A word consists of 9 letters of 4 consonants and 5 vowels. Three letters are chosen at random. Find the probability that more than one vowels is chosen.
At first I thought this was the answer:
$$1- (\frac{4C3}{9C3} + \frac{4C2*5C1*2}{9C3})$$
i multiplied the second part by 2 since I assumed that the vowels could be chosen first or second and the order might change.
After seeing the answer I realised that the answer should be:
$$1-(\frac{4C3}{9C3} + \frac{4C2*5C1}{9C3})$$
I got how to solve this question after looking at the answer. But I could not quite understand why my previous method was wrong.
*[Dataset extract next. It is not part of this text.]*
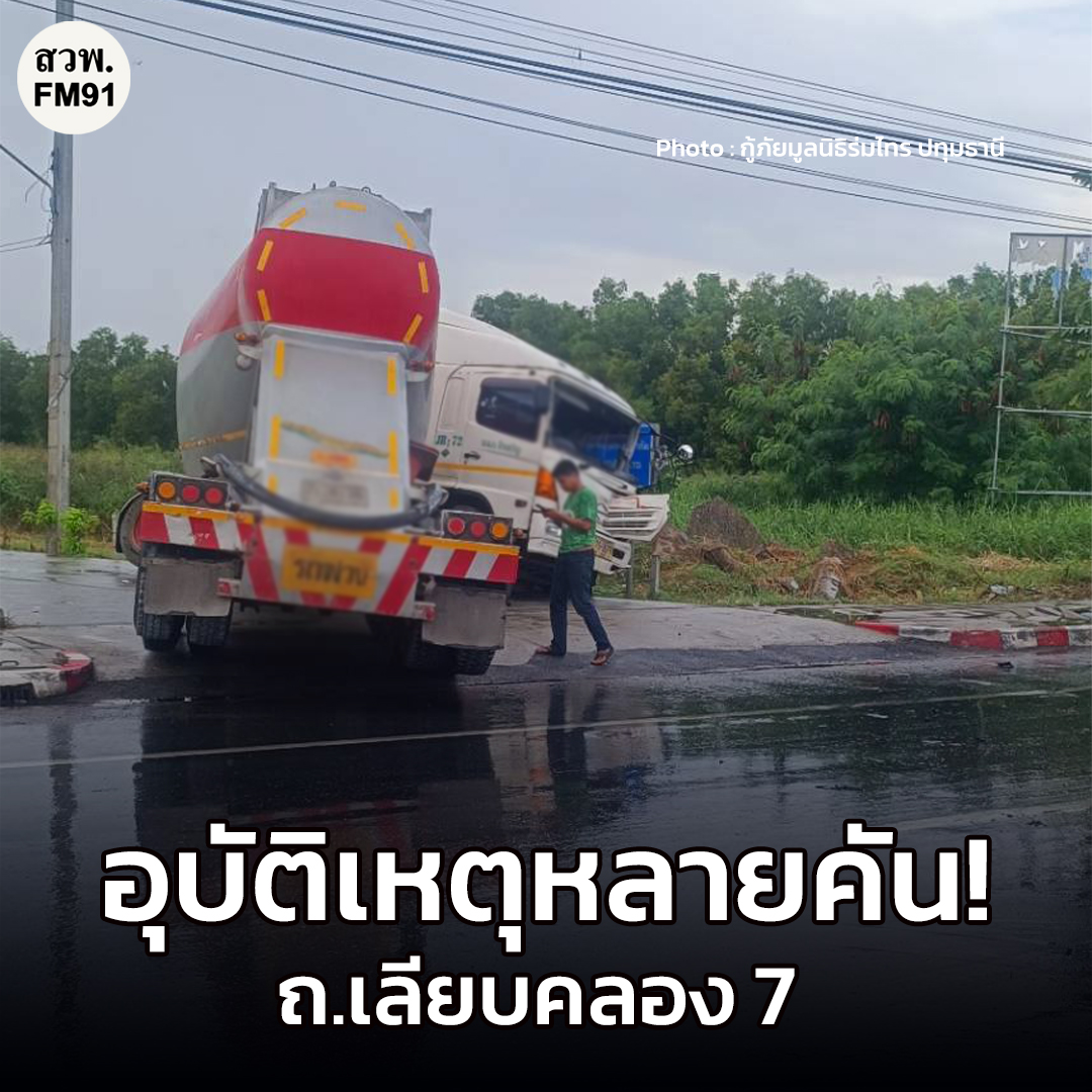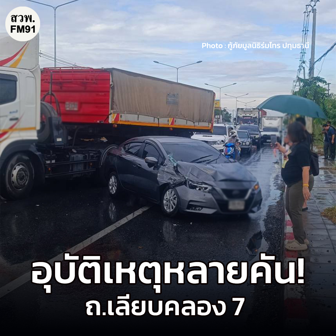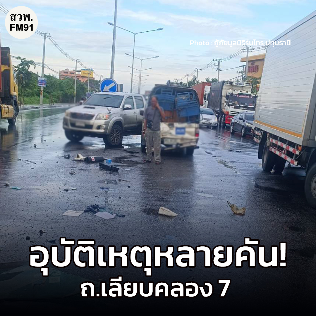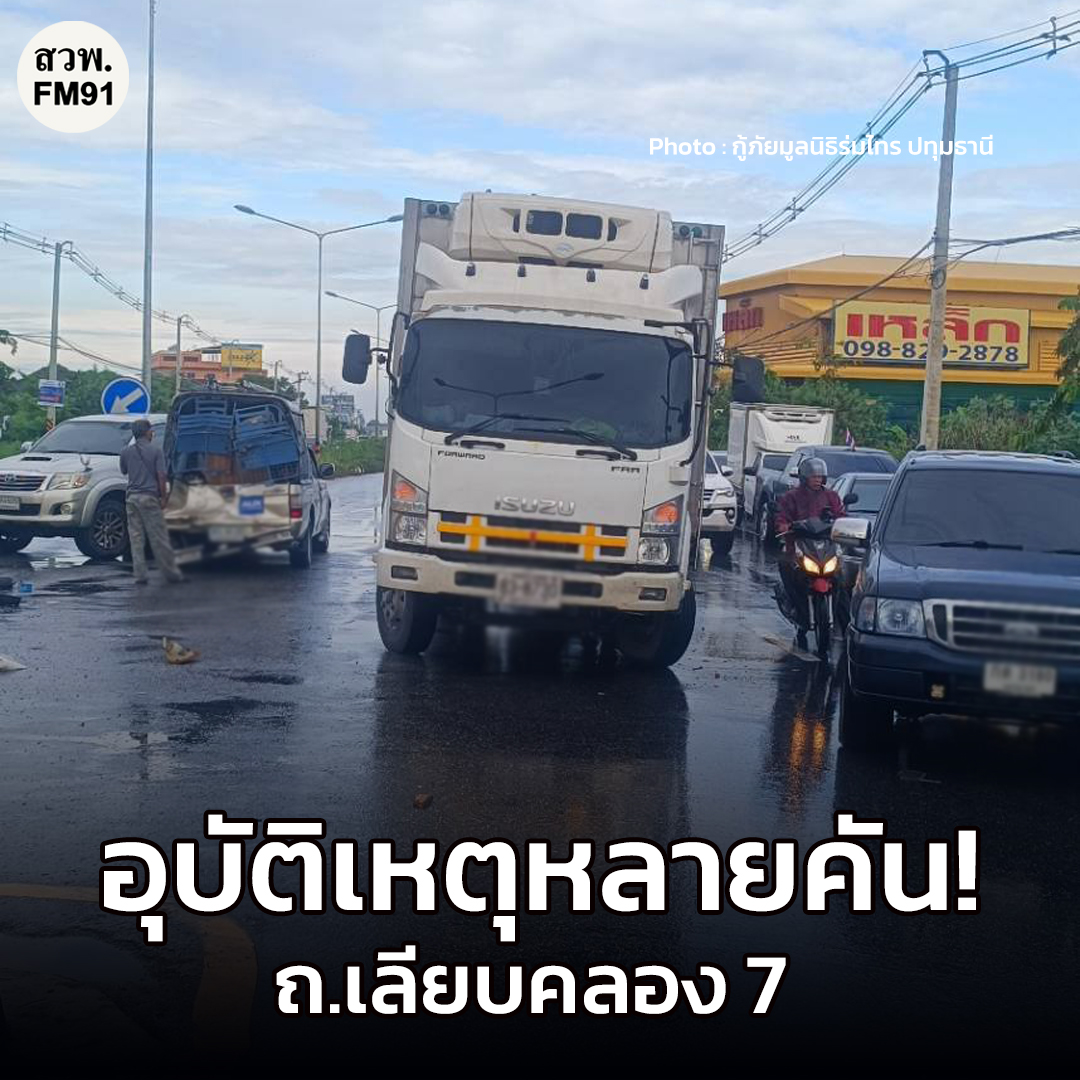 30 ต.ค. 68 เวลา 15.30 น. ถ.เลียบคลอง 7 เข้ามาจากรังสิตนครนายก มุ่งหน้า ลำลูกกา จุดกลับรถใกล้ศูนย์กระจายสินค้าเทสโก้ โลตัส รถชนกันหลายคัน อยู่ระหว่างเคลื่อนย้าย

Some questions require me to multiply the combinations by a number depending on how many ways something can be done in, and some don't. What is the underlying concept?
The probability that no vowels are chosen is $\binom 43$.
Let's say exactly one vowel is picked, and two consonants are picked. This happens in $\binom 51 \times \binom 42$ ways, because we can choose the vowel out of $5$ given, and $2$ consonants out of the four given.
The order in which the consonants are picked does not matter, because we are taking combinations here, and not permutations : we do not care about the order in which the consonants are picked.
But why is that? That, is because the statement of the question asks : "the probability of one or more vowels occuring in our choice", and it starts with "three letters are chosen". There is no mention of the word order : it does not say something like "the second one should be a vowel and the third should be a consonant" or something like that. That's why, all our choices are made as combinations i.e. we don't worry about order.
So the crucial point is choice : when you are asked to choose, you don't take order into account. It would not have mattered whether you chose the vowels first, second or third, it is a property of the collection of letters that is being asked for, so a choice is being made, therefore omitting the multiplication by $2$.